友達の友達

「友達の友達に聞いた話なんだけどな、隣町の中学校にとんでもないイケメンがいるらしい」

友達の坂田が言ってきた。

 

「イケメンねぇ…顔がいい奴くらいそんなに珍しくもないだろう」

俺はそう言った。

 

すると次の日。数人で集まって噂しているもんだから聞いてみると、

「友達に聞いた話なんだが、隣町のイケメン、どうもスポーツ万能らしいんだ。」

「ああ、動けるイケメンか、学年に何人かいるもんだよな」

 

すると次の日。

俺が弁当のシシトウを食おうか食わないか迷っていると、坂田がよってきた。

「どうも、友達に聞いた話によると隣町のイケメン、スポーツ万能なだけではなく、学年一の学力を誇っているらしい。」

「なんと羨ましい。いるよなぁ学年に一人はそうゆう化け物みたいな奴。才色兼備ってヤツ?」

 

すると次の日クラス内が大盛り上がりでは無いか。どうしたもんかと尋ねてみると

「隣町のイケメンな、実は女の子だったらしい。
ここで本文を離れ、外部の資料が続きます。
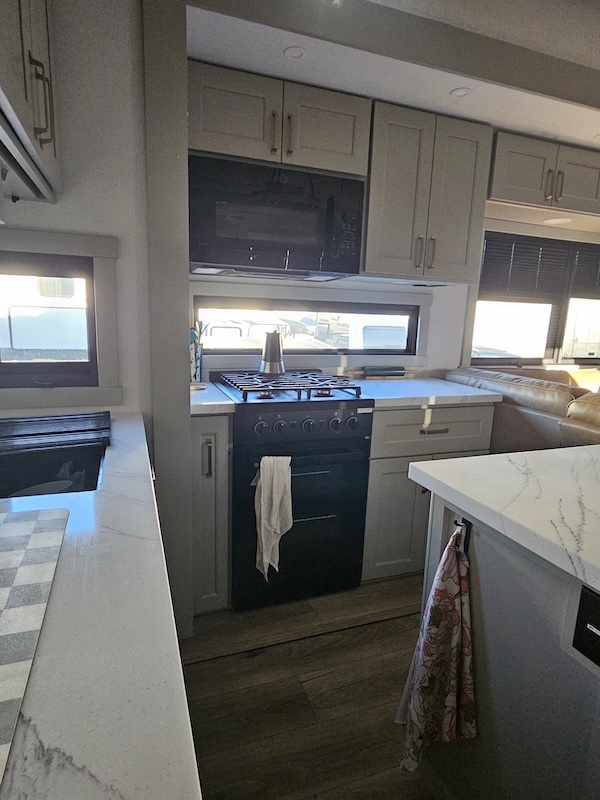 Our kitchen is actually fairly large for a fifth wheel, and it’s one of our favorite spaces. It has everything we need—and then some. From the oven to all the storage (including two pull-out pantry cabinets), it makes day-to-day life feel a lot easier. And the little extras? They honestly feel like luxuries. We have a pull-out spice rack, a pull-out cutting board, and even a pull-out garbage can (and if you’ve ever lived or traveled in an RV, you know how amazing that is). These are things we didn’t even have in our house, which still feels a little wild to say.
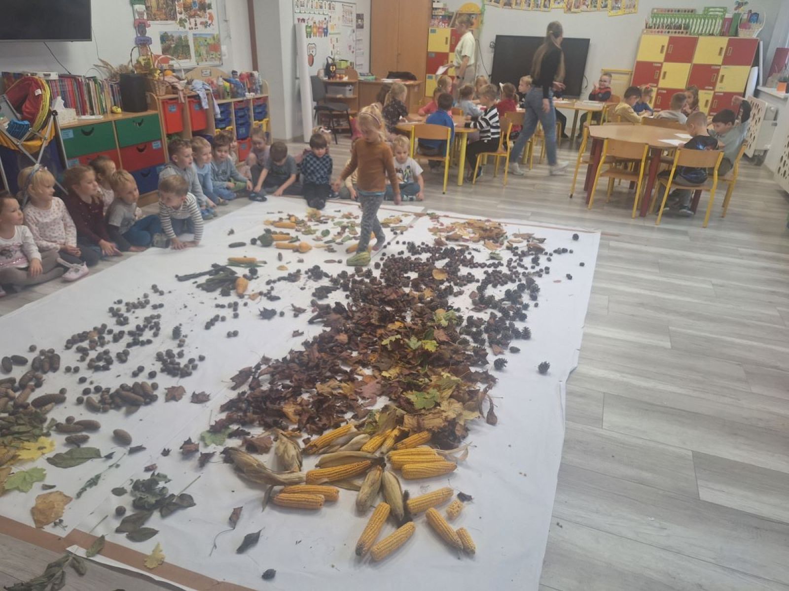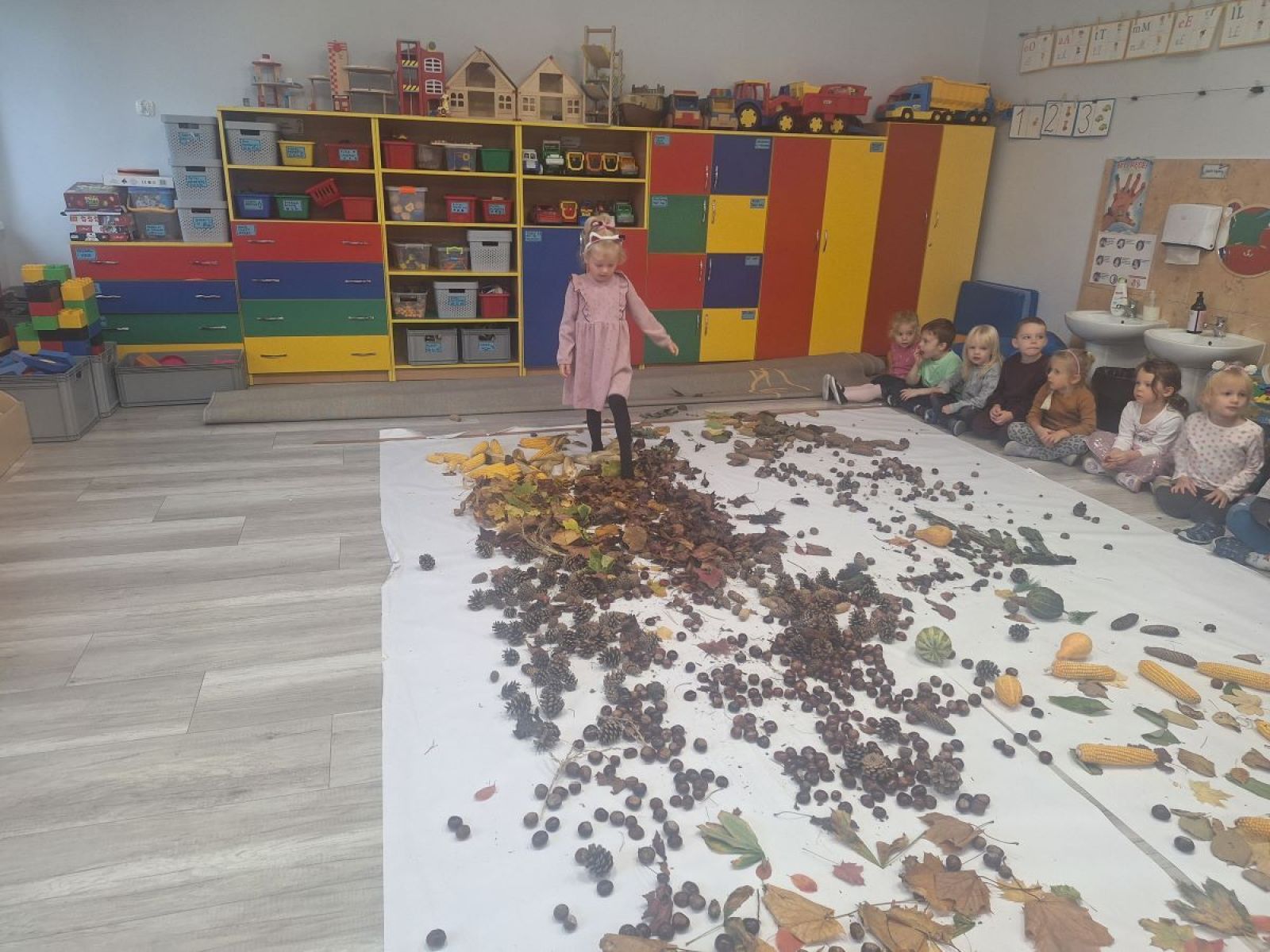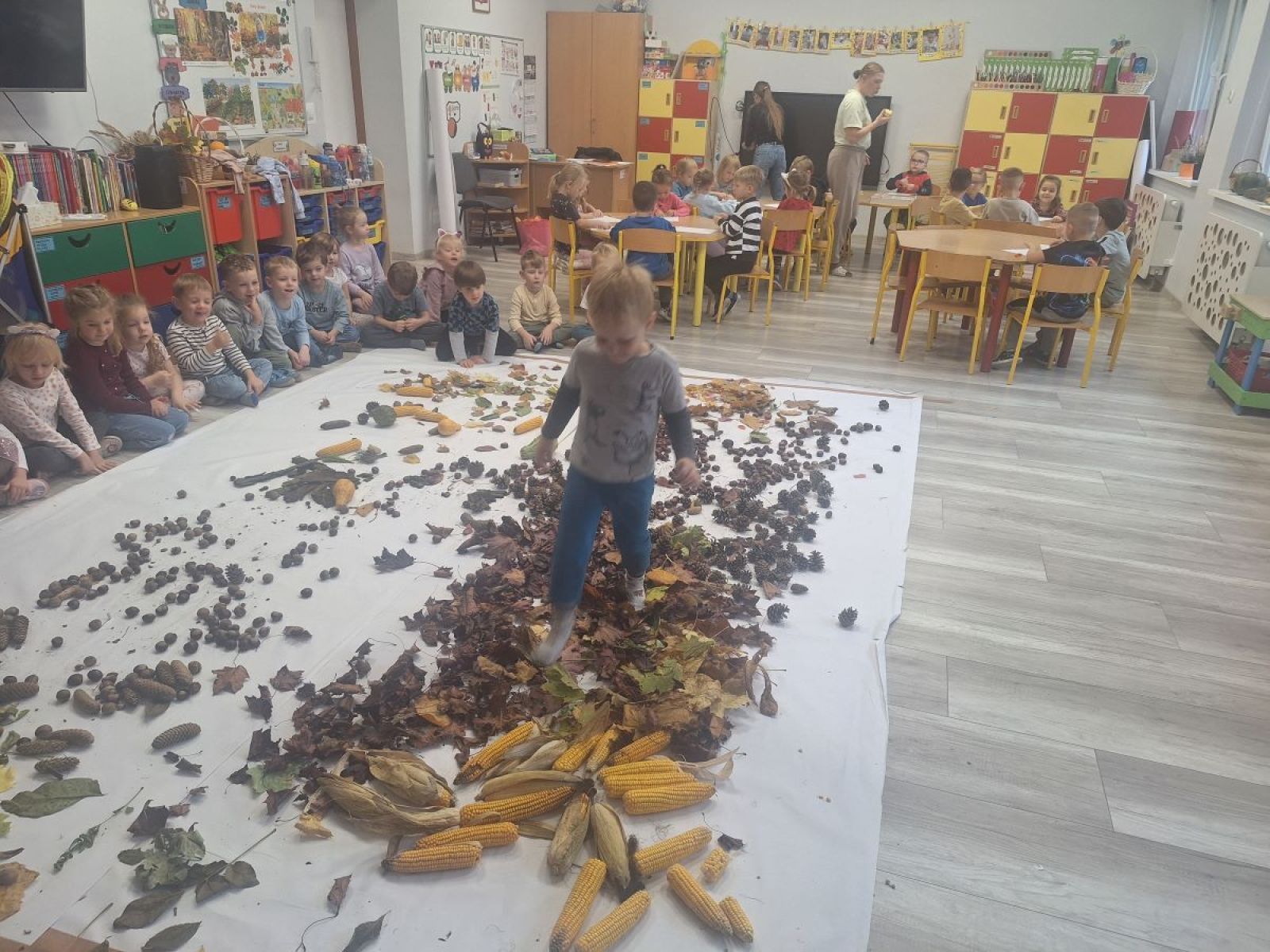 • dzieci podczas zajęć sensorycznych, badają dary jesieni

しかも生徒会長だったんだ。

超絶美人で芸能事務所が取り合っているらしいんだが、まったく興味が無いそうだ。親は大富豪だってさ」

「そりゃあ凄いもんだ。で、誰か見たヤツはいるのか」

俺がそう尋ねると、クラス内が一瞬静かになったが、

「見たこと無いんだけど友達が見たらしい、胸が張り裂けそうなほど美人だったらしいぞ」

 

すると次の日、

今度は隣のクラスまで混じって会議がされていた。

俺が寄ってみると

「なあなあ、隣町の美女、クラスで飼っていた亀を生き返らせたらしいぞ!」

 

 

 

俺は一瞬言葉を失って、もう一度聞き直した。

「え?なんだって」

 

「だから、クラスで飼っていた亀が死んじゃったんだけど、彼女が優しく撫でるとむくりと起きたそうだ。」

「寝ていただけじゃ無いのか…」

「そんなことあるもんかい。それで今、彼女は天使なんじゃ無いかって会議をしてるんだ。」

「生き返らせるところを見たのか?」

「友達が見たって言ってた。」

 

すると次の日、教室で祈りを捧げるクラスメイトたちの姿があった。